*** Opening DATASET EXTRACT ***

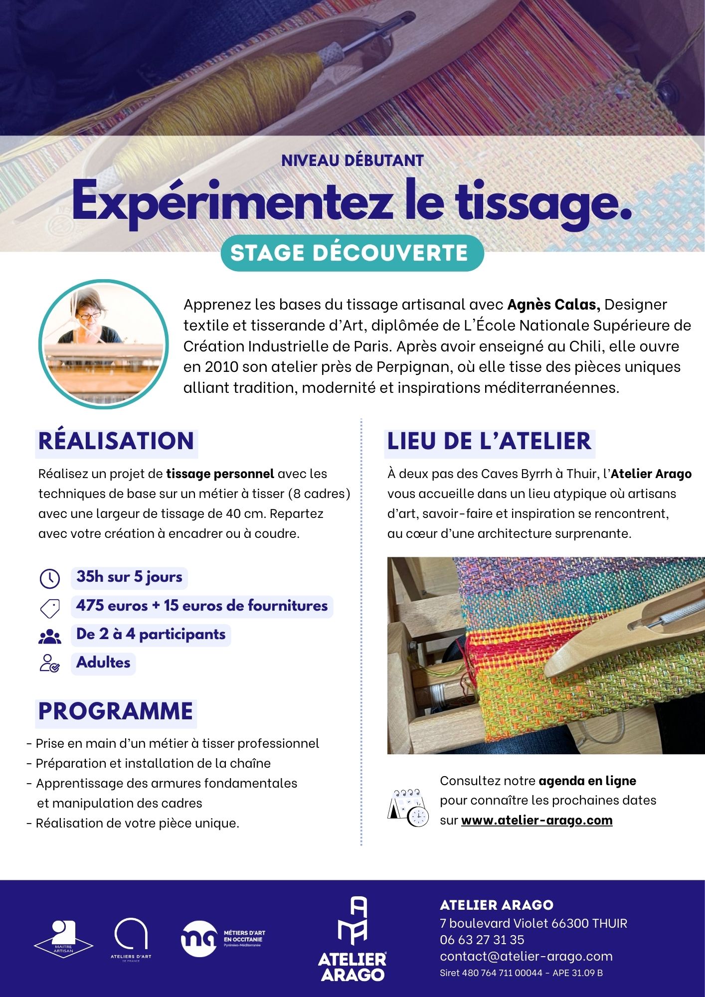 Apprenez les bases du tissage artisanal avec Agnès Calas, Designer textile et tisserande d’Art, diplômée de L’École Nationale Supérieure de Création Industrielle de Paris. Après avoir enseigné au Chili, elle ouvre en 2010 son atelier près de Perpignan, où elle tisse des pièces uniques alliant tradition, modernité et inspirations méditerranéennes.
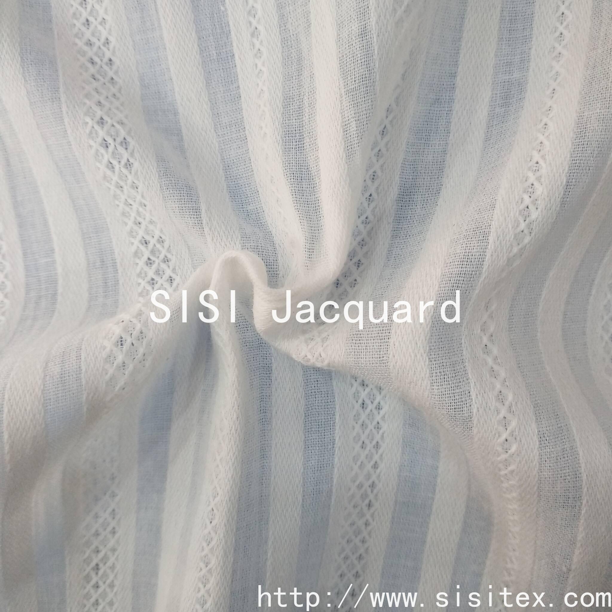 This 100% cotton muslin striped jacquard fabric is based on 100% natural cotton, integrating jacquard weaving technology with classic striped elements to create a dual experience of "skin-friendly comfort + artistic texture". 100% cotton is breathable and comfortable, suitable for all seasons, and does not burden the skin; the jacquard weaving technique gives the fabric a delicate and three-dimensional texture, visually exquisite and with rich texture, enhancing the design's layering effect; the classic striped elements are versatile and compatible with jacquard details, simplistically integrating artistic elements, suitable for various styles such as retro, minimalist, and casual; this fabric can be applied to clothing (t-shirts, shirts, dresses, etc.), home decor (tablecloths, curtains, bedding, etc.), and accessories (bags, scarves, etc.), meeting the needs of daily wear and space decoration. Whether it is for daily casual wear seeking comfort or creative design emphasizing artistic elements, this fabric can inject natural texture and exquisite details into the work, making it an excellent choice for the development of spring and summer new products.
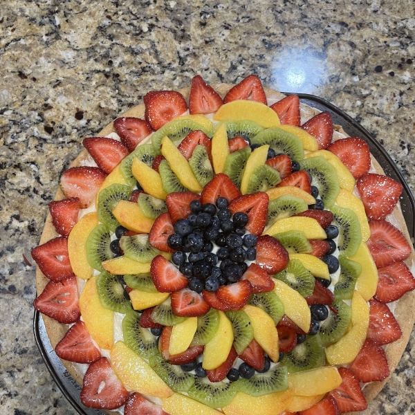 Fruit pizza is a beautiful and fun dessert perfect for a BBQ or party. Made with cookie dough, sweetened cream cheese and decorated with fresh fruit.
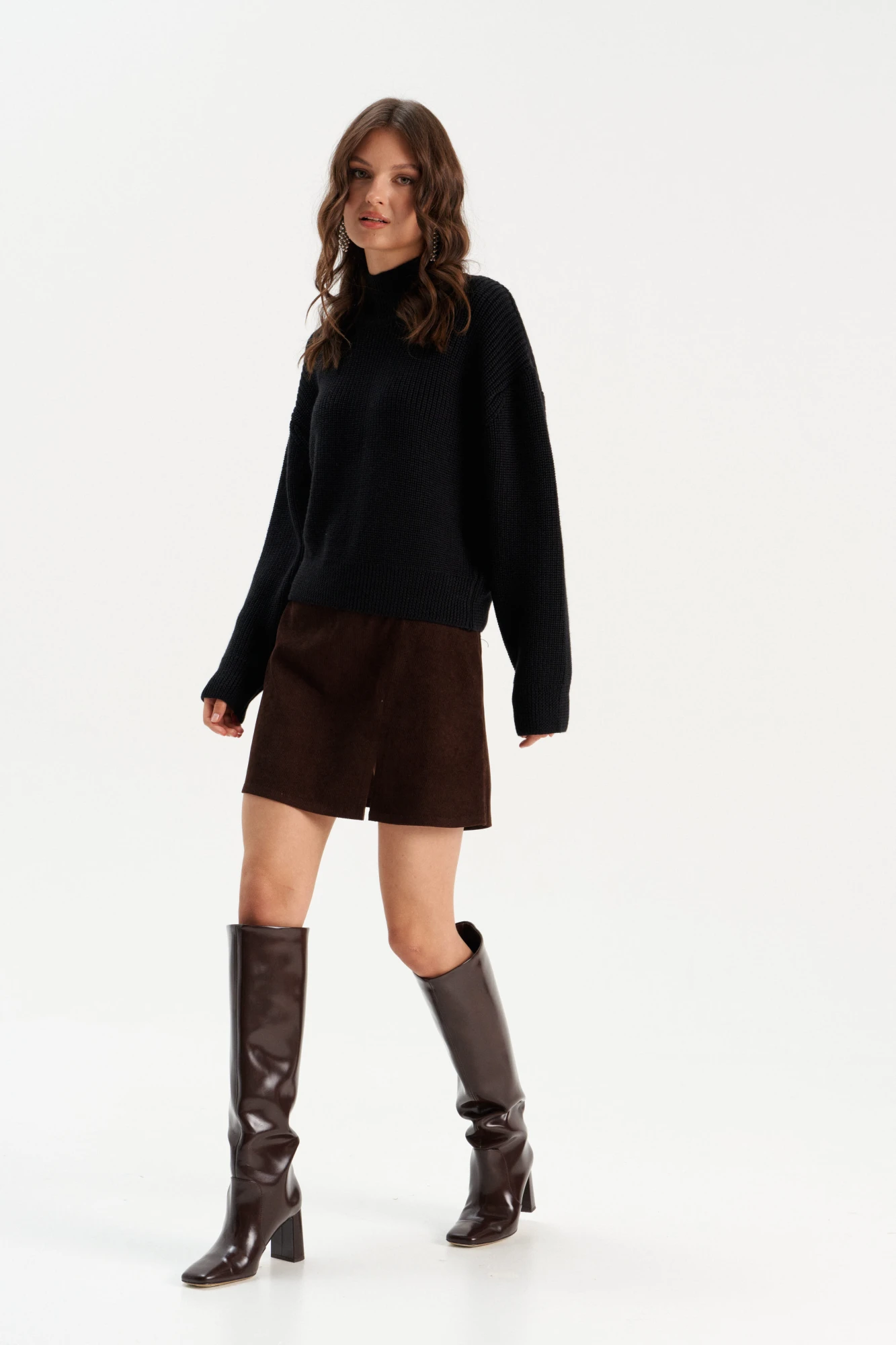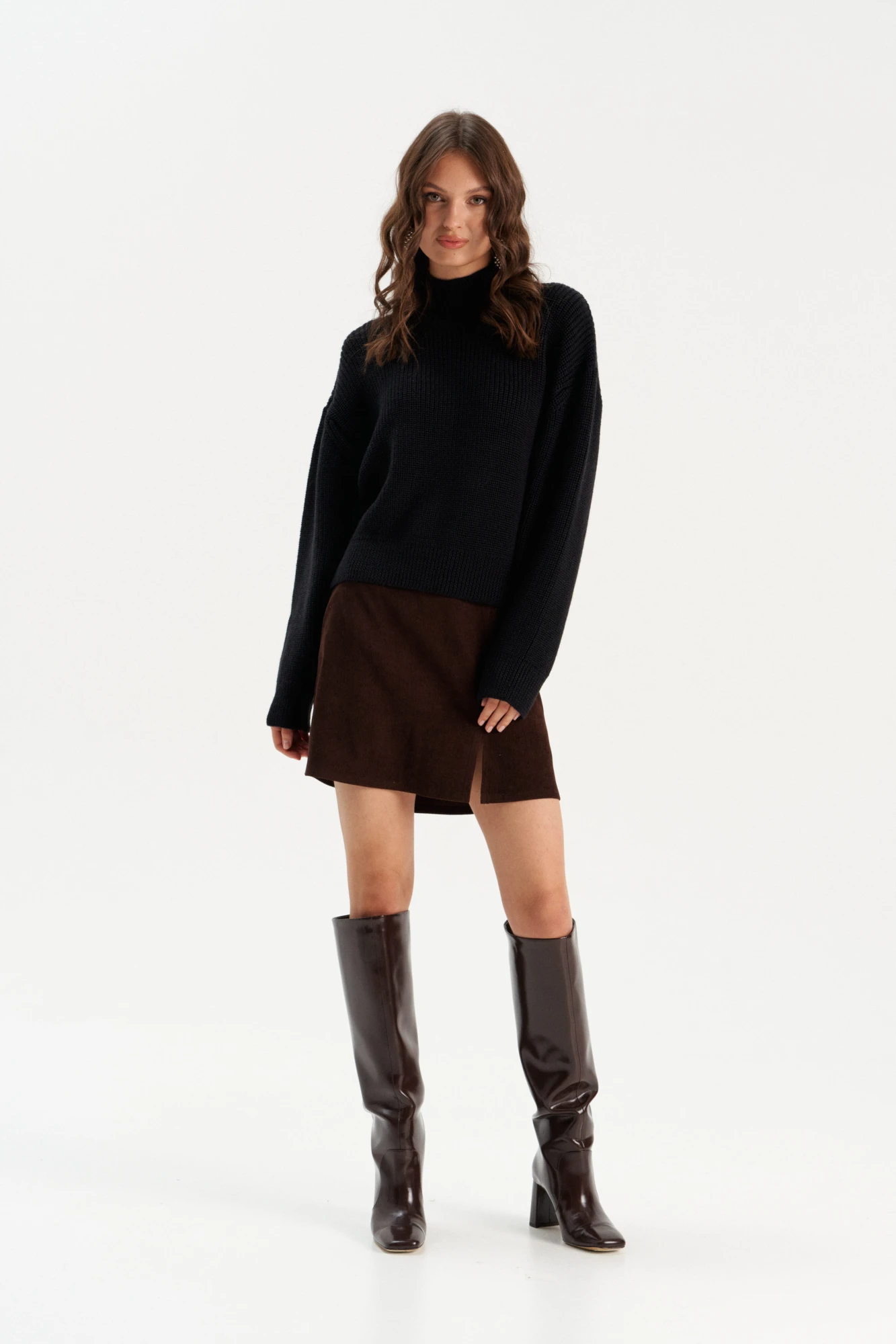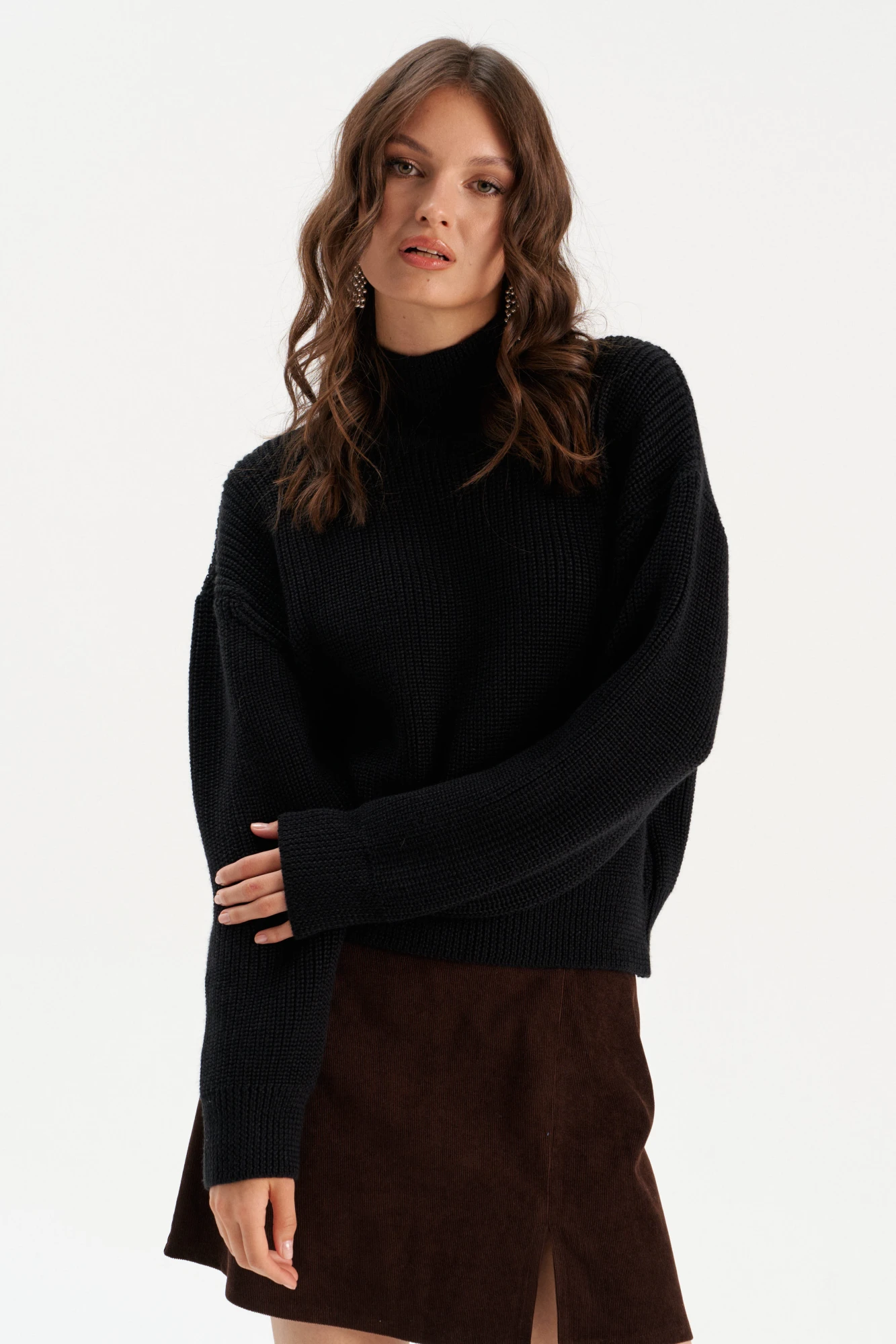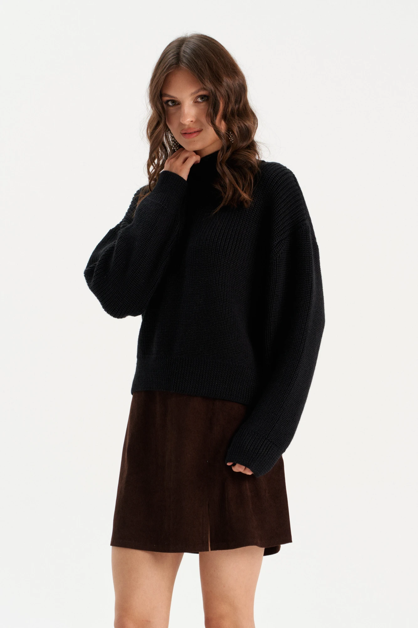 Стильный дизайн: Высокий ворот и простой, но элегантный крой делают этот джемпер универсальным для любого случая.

*** Closing DATASET EXTRACT ***

## HOW TO COMPLETE THIS TASK
Leaving out the pictures, restate the listing above exactly.

## ANSWER SECTION
 Apprenez les bases du tissage artisanal avec Agnès Calas, Designer textile et tisserande d’Art, diplômée de L’École Nationale Supérieure de Création Industrielle de Paris. Après avoir enseigné au Chili, elle ouvre en 2010 son atelier près de Perpignan, où elle tisse des pièces uniques alliant tradition, modernité et inspirations méditerranéennes.
 This 100% cotton muslin striped jacquard fabric is based on 100% natural cotton, integrating jacquard weaving technology with classic striped elements to create a dual experience of "skin-friendly comfort + artistic texture". 100% cotton is breathable and comfortable, suitable for all seasons, and does not burden the skin; the jacquard weaving technique gives the fabric a delicate and three-dimensional texture, visually exquisite and with rich texture, enhancing the design's layering effect; the classic striped elements are versatile and compatible with jacquard details, simplistically integrating artistic elements, suitable for various styles such as retro, minimalist, and casual; this fabric can be applied to clothing (t-shirts, shirts, dresses, etc.), home decor (tablecloths, curtains, bedding, etc.), and accessories (bags, scarves, etc.), meeting the needs of daily wear and space decoration. Whether it is for daily casual wear seeking comfort or creative design emphasizing artistic elements, this fabric can inject natural texture and exquisite details into the work, making it an excellent choice for the development of spring and summer new products.
 Fruit pizza is a beautiful and fun dessert perfect for a BBQ or party. Made with cookie dough, sweetened cream cheese and decorated with fresh fruit.
 Стильный дизайн: Высокий ворот и простой, но элегантный крой делают этот джемпер универсальным для любого случая.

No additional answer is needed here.